As is the case with this writer, many millennials have become disillusioned with the traditional stock market after the 2008 financial crisis – which happened while many millennials had only recently finished high school.
According to MarketWatch, over 82% of millennials claim their investment decisions are influenced by the economic crisis, which saw important players of major banks receive generous bonuses after nearly bankrupting the economy by losing $14 trillion in wealth. Many people lost their jobs, while also losing large portions of their personal wealth.
Because of this formative financial influence, millennials simply don’t trust the stock market. According to one study:
Just 33% of millennials say that they own stock, compared to 51% of Gen Xers (ages 36-51) and 48% of Baby Boomers (ages 52-70).
Another study asked participants where they would invest $5000 if they could only put it in one place. Unsurprisingly, 13% of millennials chose cryptocurrency, compared to just 3% of those between the ages 45 to 64. Bitcoin proponent Julia-Carolin Zeng claims this is largely due to the financial crisis, stating:
Bitcoin’s anti-establishment roots and decentralized system brings with it the hope for a new economy that puts people over corporations. This is an extremely appealing message to millennials who watched their job outlooks dwindle as the financial crisis unfolded in tandem with their first-ever entry into the job market.
WHO NEEDS THE OLD WAY?
Of course, the 2008 financial crisis isn’t the only catalyst for millennials investing in cryptocurrency.
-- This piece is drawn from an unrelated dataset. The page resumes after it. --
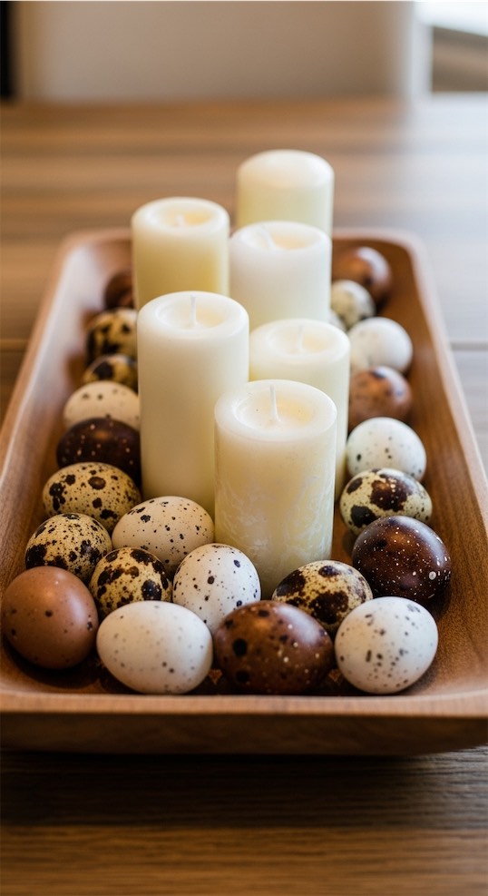A low tray keeps everything grounded. Arrange speckled eggs and a few small candles in a loose cluster.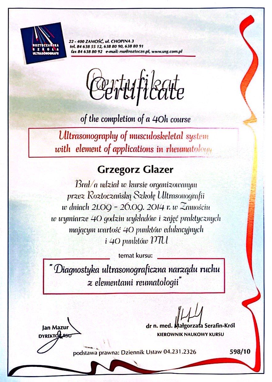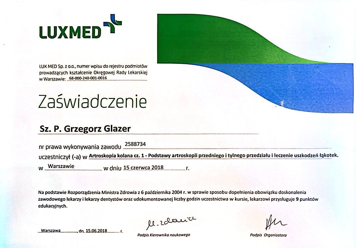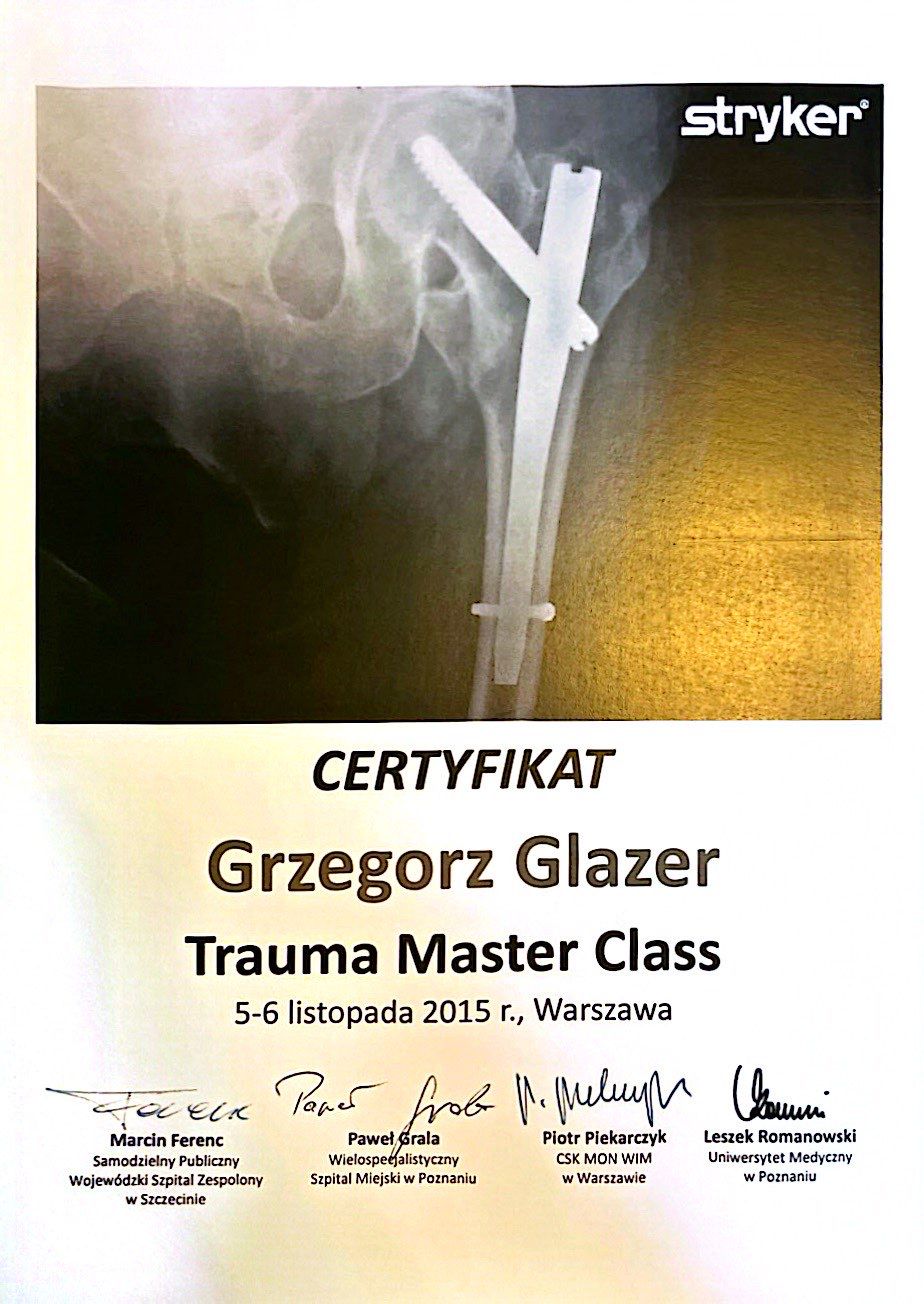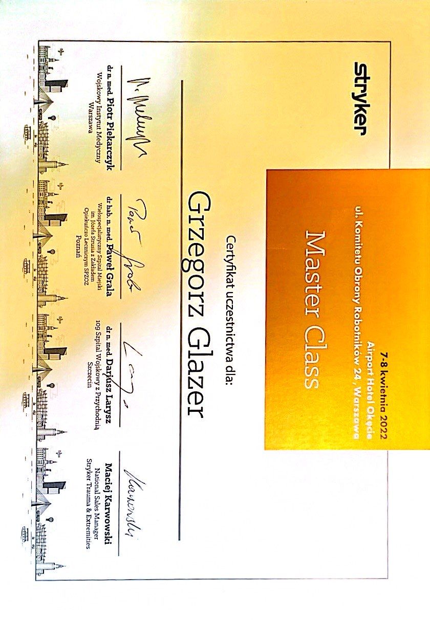 Nazywam się Grzegorz Glazer i jestem lekarzem specjalistą w dziedzinie ortopedii i traumatologii narządu ruchu. Ukończyłem studia na II Wydziale Lekarskim z Oddziałem Anglojęzycznym Uniwersytetu Medycznego w Lublinie w 2011 roku, uzyskując dyplom z wynikiem bardzo dobrym.

Some investors, like Chris Hughes – a 30-year-old American expat lifestyle entrepreneur who specializes in building up systems so people can have more success and more free time enjoy life – prefers investing in cryptocurrencies for the utility, explaining:
I chose to invest in crypto when I was in Thailand and I realized just how difficult it was to transfer funds globally using the traditional systems in place. With how fast the internet has evolved, it made no sense why it still took a minimum of 3-4 days for bank transfers to take place. Cryptocurrencies can do this in minutes, it just makes more sense.
Hughes made his first cryptocurrency purchase when he invested in Bitcoin when it was $1,580.71.
Others, like Kyle Baird – a 30-year-old American expat teacher and photographer residing in Hanoi, Vietnam – see investments in cryptocurrency as a sort of “savings account” with the potential for higher returns than traditional investments, explaining:
I had what was basically all my savings previously in some stocks and a DRIP fund. These both had, at the time, made me more money than a traditional savings account would have. I was still unhappy with the returns and had been hearing about lots of people getting involved in cryptocurrency. I started to do as much reading and learning as I could and finally started to pull my stock market funds to try my hand at crypto. I saw huge returns at the beginning of the late 2017 bull run and it got me hungry to keep the profits rolling in.
Regardless of the reason, it’s abundantly clear that millennials are more willing to put their faith into cryptocurrencies and go along for the ride—no matter how volatile.